Solarize Invert all pixels above a threshold value of magnitude. [0,256]
SolarizeAdd For each pixel in the image that is less than 128, add an additional amount to it decided by the magnitude. [0,110]
Contrast Control the contrast of the image. A magnitude=0 gives a gray image, whereas magnitude=1 gives the original image. [0.1,1.9]
Color Adjust the color balance of the image, in a manner similar to the controls on a colour TV set. A magnitude=0 gives a black & white image, whereas magnitude=1 gives the original image. [0.1,1.9]
Brightness Adjust the brightness of the image. A magnitude=0 gives a black image, whereas magnitude=1 gives the original image. [0.1,1.9]
Sharpness Adjust the sharpness of the image. A magnitude=0 gives a blurred image, whereas magnitude=1 gives the original image. [0.1,1.9]
Cutout [9, 53] Set a random square patch of side-length magnitude pixels to gray. [0,60]
BBox_Only_X Apply X to each bounding box content with independent probability, and magnitude that was chosen for X above. Location and the size of the bounding box are not changed.
Table 6: Table of all the possible transformations that can be applied to an image. These are the transformations that are available to the controller during the search process. The range of magnitudes that the controller can predict for each of the transforms is listed in the third column. Some transformations do not have a magnitude associated with them (e.g. Equalize).

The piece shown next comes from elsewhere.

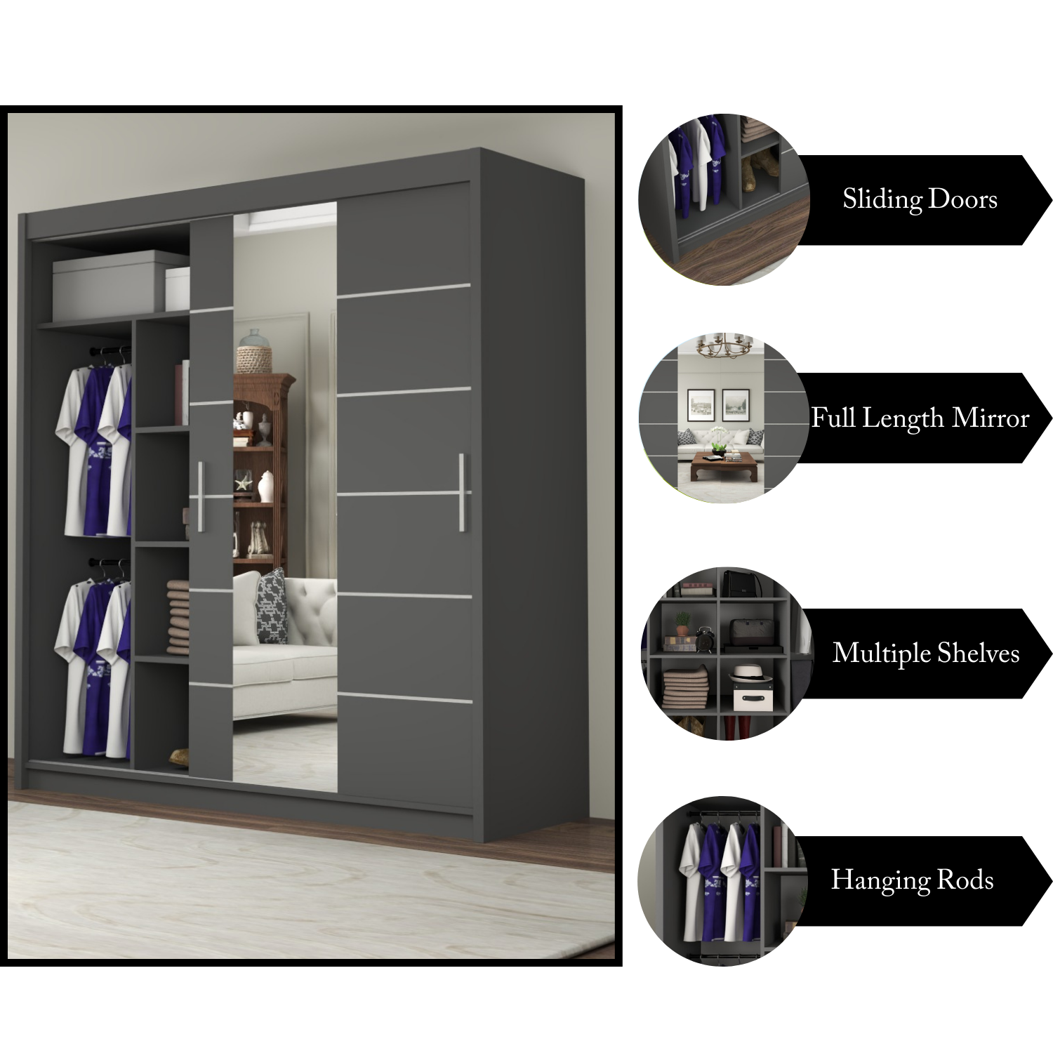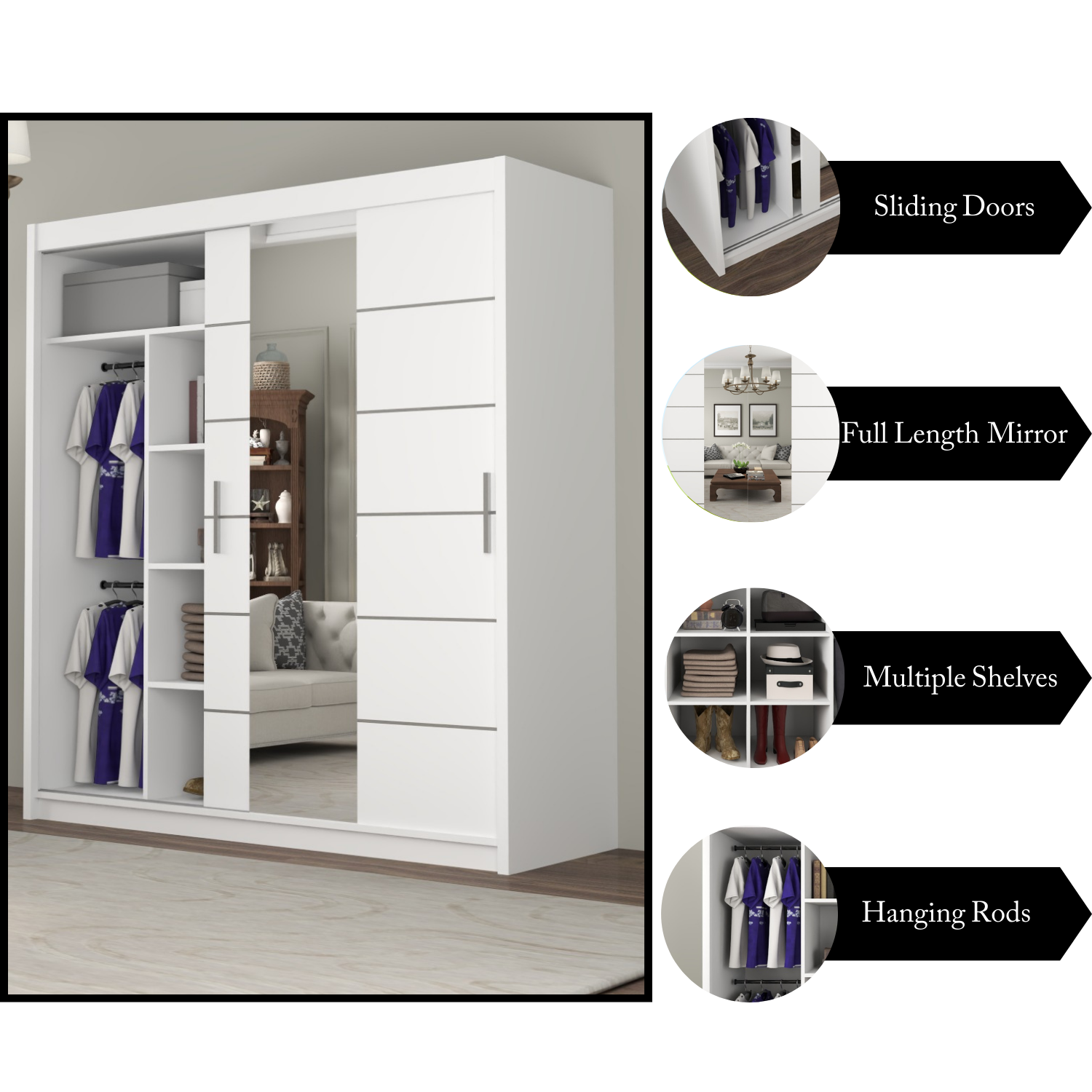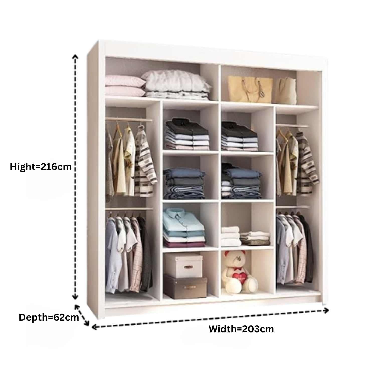 This wardrobe also benefits from the high-quality sliding mechanism and you would barely hear any noise with the smooth gliding motion of the doors. It is crafted from 16 mm laminated particle board to give you beauty, stability, and durability all in one! Add extra hanging rails and you can configure this wardrobe in different ways (refer to images).

Operation 1 P M Operation 2 P M
Sub-policy 1 TranslateX 0.6 4 Equalize 0.8 10
Sub-policy 2 BBox_Only_TranslateY 0.2 2 Cutout 0.8 8
Sub-policy 3 ShearY 1.0 2 BBox_Only_TranslateY 0.6 6
Sub-policy 4 Rotate 0.6 10 Color 1.0 6
Sub-policy 5 No operation No operation
Table 7: The sub-policies used in our learned augmentation policy. P and M correspond to the probability and magnitude with which the operations were applied in the sub-policy. Note that for each image in each mini-batch, one of the sub-policies is picked uniformly at random. The No operation is listed when an operation has a learned probability or magnitude of 0.